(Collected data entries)
+++
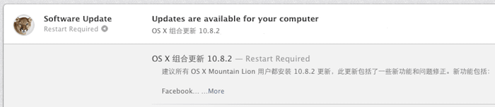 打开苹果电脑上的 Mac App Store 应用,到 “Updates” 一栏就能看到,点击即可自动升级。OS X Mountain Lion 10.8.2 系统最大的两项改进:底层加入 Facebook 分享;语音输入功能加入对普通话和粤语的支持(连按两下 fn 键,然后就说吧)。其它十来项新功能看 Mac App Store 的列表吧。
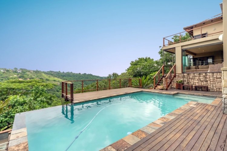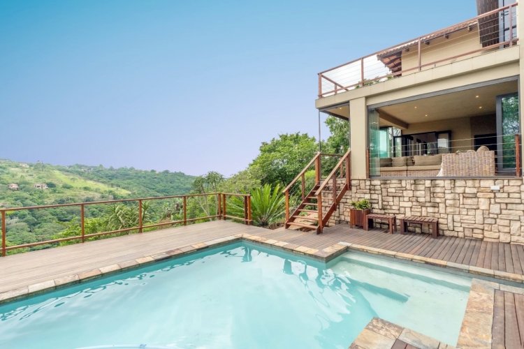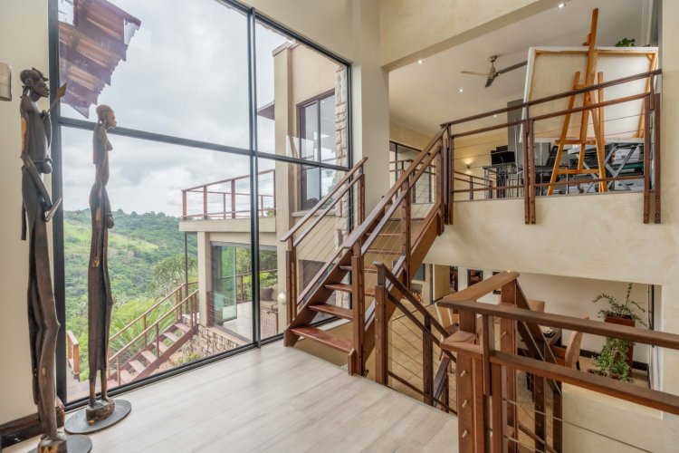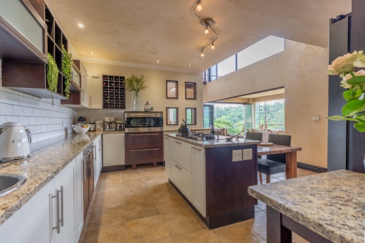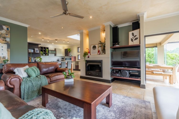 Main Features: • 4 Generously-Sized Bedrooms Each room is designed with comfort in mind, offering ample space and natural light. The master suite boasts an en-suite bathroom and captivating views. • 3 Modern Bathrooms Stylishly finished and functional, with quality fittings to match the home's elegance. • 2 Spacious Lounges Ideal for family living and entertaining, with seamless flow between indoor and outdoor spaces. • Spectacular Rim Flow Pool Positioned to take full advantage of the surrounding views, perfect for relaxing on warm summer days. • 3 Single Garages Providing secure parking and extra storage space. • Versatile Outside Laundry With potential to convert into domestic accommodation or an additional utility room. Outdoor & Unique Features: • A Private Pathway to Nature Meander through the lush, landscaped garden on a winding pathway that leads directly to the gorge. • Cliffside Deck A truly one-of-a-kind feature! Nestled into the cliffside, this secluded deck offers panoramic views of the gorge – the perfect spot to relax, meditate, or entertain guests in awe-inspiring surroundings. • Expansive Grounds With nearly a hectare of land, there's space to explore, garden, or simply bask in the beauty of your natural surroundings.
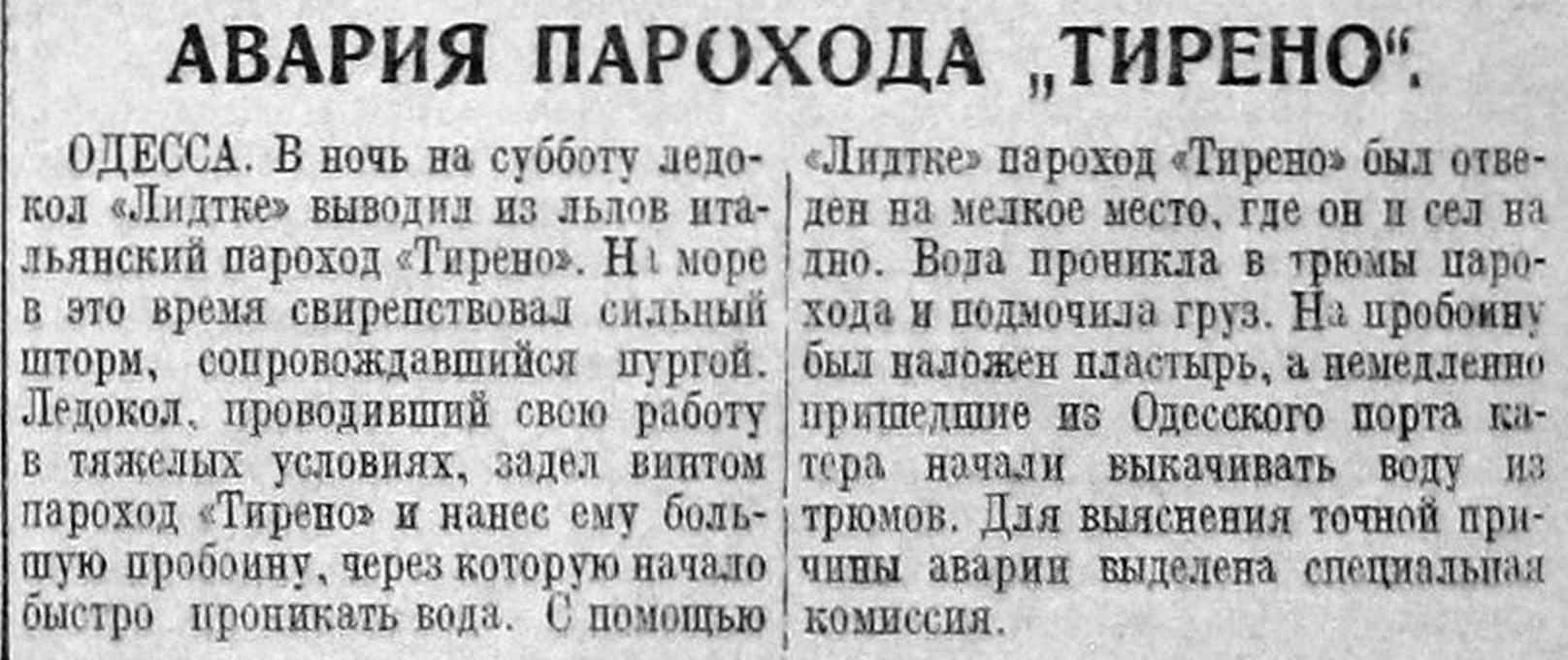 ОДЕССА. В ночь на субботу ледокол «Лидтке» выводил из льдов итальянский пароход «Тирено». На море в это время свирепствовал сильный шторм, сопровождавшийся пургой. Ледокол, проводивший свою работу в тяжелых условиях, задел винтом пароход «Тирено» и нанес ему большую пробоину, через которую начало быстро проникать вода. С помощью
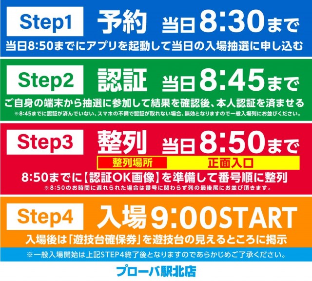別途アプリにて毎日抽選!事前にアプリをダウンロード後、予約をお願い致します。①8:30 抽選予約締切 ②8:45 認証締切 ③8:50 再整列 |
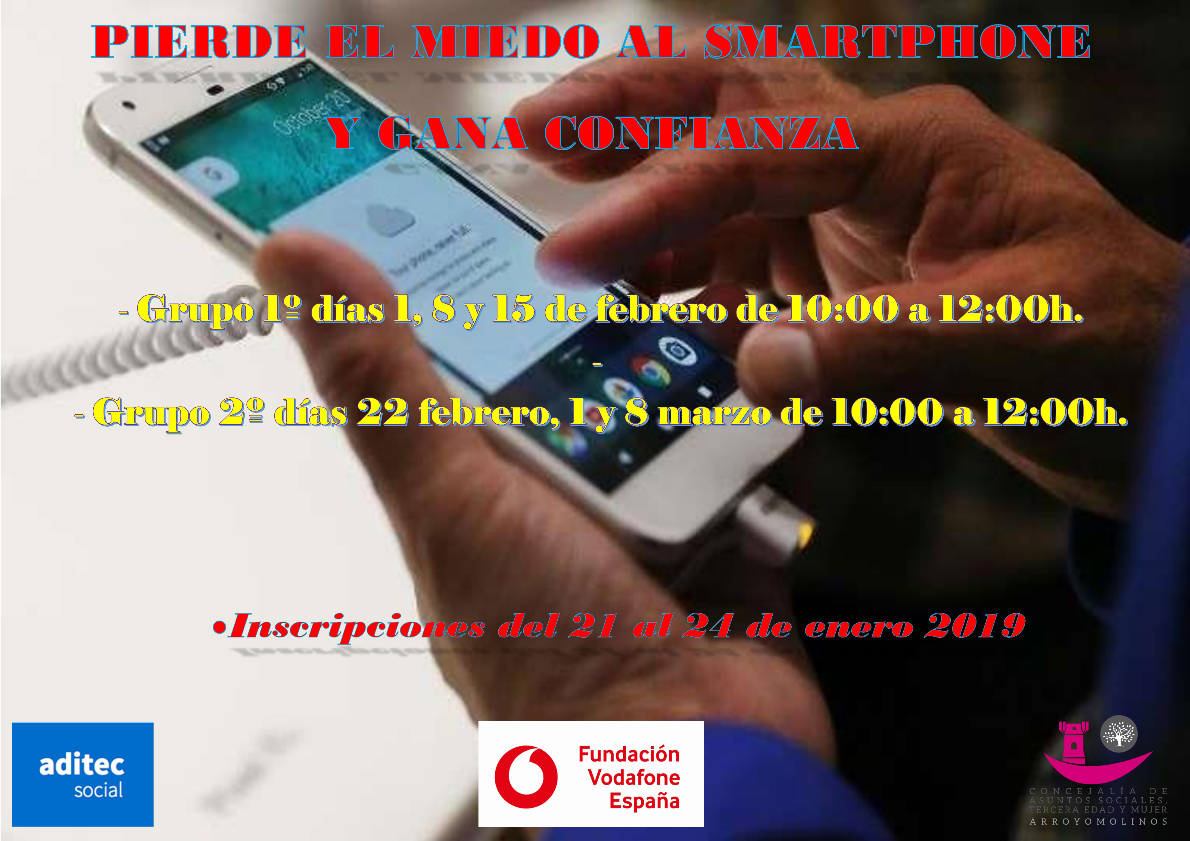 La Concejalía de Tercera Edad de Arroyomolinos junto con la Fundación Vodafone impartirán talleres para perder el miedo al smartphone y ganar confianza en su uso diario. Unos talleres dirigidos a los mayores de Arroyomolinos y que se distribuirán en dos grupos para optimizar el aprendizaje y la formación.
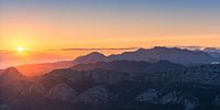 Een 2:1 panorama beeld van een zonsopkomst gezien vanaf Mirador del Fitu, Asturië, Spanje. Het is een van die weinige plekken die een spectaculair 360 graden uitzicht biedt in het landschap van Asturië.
+++
Work order: Beginning with the line containing "別途アプリにて毎日抽選!事前にアプリをダウンロード後、予約をお願い致します。①8:30 抽選予約締切 ②8:45" and ending with the last line of the data, output those lines exactly and nothing more. Omit every picture.

The completed task:
別途アプリにて毎日抽選!事前にアプリをダウンロード後、予約をお願い致します。①8:30 抽選予約締切 ②8:45 認証締切 ③8:50 再整列 |
 La Concejalía de Tercera Edad de Arroyomolinos junto con la Fundación Vodafone impartirán talleres para perder el miedo al smartphone y ganar confianza en su uso diario. Unos talleres dirigidos a los mayores de Arroyomolinos y que se distribuirán en dos grupos para optimizar el aprendizaje y la formación.
 Een 2:1 panorama beeld van een zonsopkomst gezien vanaf Mirador del Fitu, Asturië, Spanje. Het is een van die weinige plekken die een spectaculair 360 graden uitzicht biedt in het landschap van Asturië.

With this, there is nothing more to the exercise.